The model driver object is constructed from data collected and processed (unit conversion, some limited additional gap-filling) from FLUXNET-standard data, obtained from regional networks and previous collection efforts (ICOS, AmeriFlux, PLUMBER-2, etc). The model driver object is made available on Zenodo:

Hufkens, K., & Stocker, B. (2024). FluxDataKit v3.1: A comprehensive data set of ecosystem fluxes for land surface modelling (3.1) [Data set]. Zenodo. https://doi.org/10.5281/zenodo.11370417

Download the file rsofun_driver_data_v3.1.rds and place it locally. It is not included in the repository rsofundemo. Read it, pointing to its local path:

driver <- readRDS("~/data/FluxDataKit/v3.2/rsofun_driver_data_v3.2.rds")

Check for missing values in the forcing data.

driver |> 
  select(sitename, forcing) |> 
  unnest(forcing) |> 
  vis_miss(warn_large_data = FALSE)

We see that some variables have missing data. Net radiation being missing is not a problem as it is currently internally estimated and not taken from the forcing. However, missing data in fapar, co2, patm, and ccov are a problem. Determine the sites for which those missing data appear and exclude them.

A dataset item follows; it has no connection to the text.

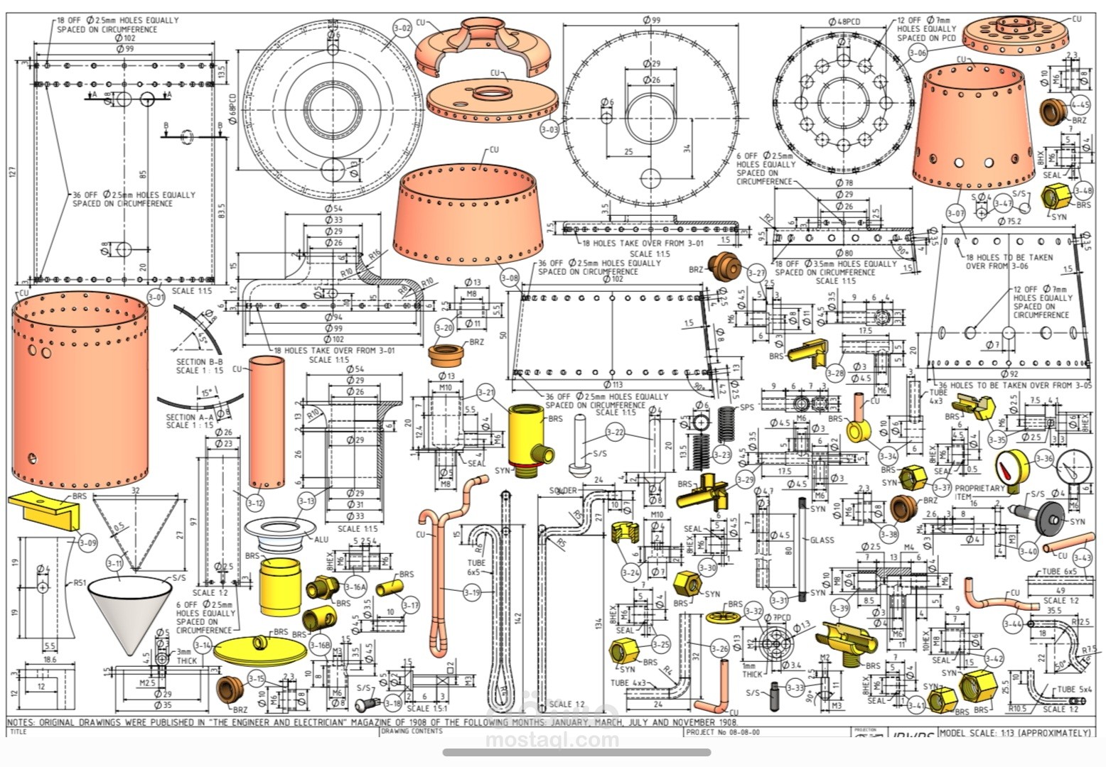 "مشروع نمذجة ميكانيكية متكامل يحاكي الآلات البخارية في العصر الصناعي. تم بناء هذا النموذج باستخدام SolidWorks، مع التركيز على التفاصيل الدقيقة مثل:

exclude_sites <- driver |> 
  select(sitename, forcing) |> 
  unnest(forcing) |> 
  group_by(sitename) |> 
  summarise(across(all_of(c("fapar", "co2", "patm", "ccov", "temp")), ~sum(is.na(.)))) |> 
  pivot_longer(all_of(c("fapar", "co2", "patm", "ccov")), names_to = "var", values_to = "val") |> 
  filter(val > 0) |> 
  pull(sitename)

This data exclusion is not nice. It should be solved at the level of FluxDataKit. Here, drop corresponding rows from driver.

driver <- driver |> 
  filter(!(sitename %in% exclude_sites))

Run the model

Model parameters are kept separate from the driver object. These are not the same as simulation or site parameters, but are to be calibrated, given data. For demonstration, we use parameter values obtained from a prior calibration.

params_modl <- list(
  kphio              = 0.04998,    # setup ORG in Stocker et al. 2020 GMD
  kphio_par_a        = 0.0,        # set to zero to disable temperature-dependence of kphio
  kphio_par_b        = 1.0,
  soilm_thetastar    = 0.6 * 240,  # to recover old setup with soil moisture stress
  soilm_betao        = 0.0,
  beta_unitcostratio = 146.0,
  rd_to_vcmax        = 0.014,      # value from Atkin et al. 2015 for C3 herbaceous
  tau_acclim         = 30.0,
  kc_jmax            = 0.41
)

With all data prepared we can now run the P-model using the function runread_pmodel_f() from the {rsofun} package. This function takes the nested data structure and runs the model site by site, returning nested model output results matching the input drivers.

output <- rsofun::runread_pmodel_f(
  driver,
  par = params_modl
)

Evaluate model

The driver object obtained from FluxDataKit contains also time series of ecosystem fluxes. In the present context, these can be used for comparison to model outputs.

Time series for single site

Let’s compare model outputs and observations for GPP of a single site - FR-Pue an evergreen broadleaved forest in a Mediterranean climate.

Combine model outputs and observations into a single data frame.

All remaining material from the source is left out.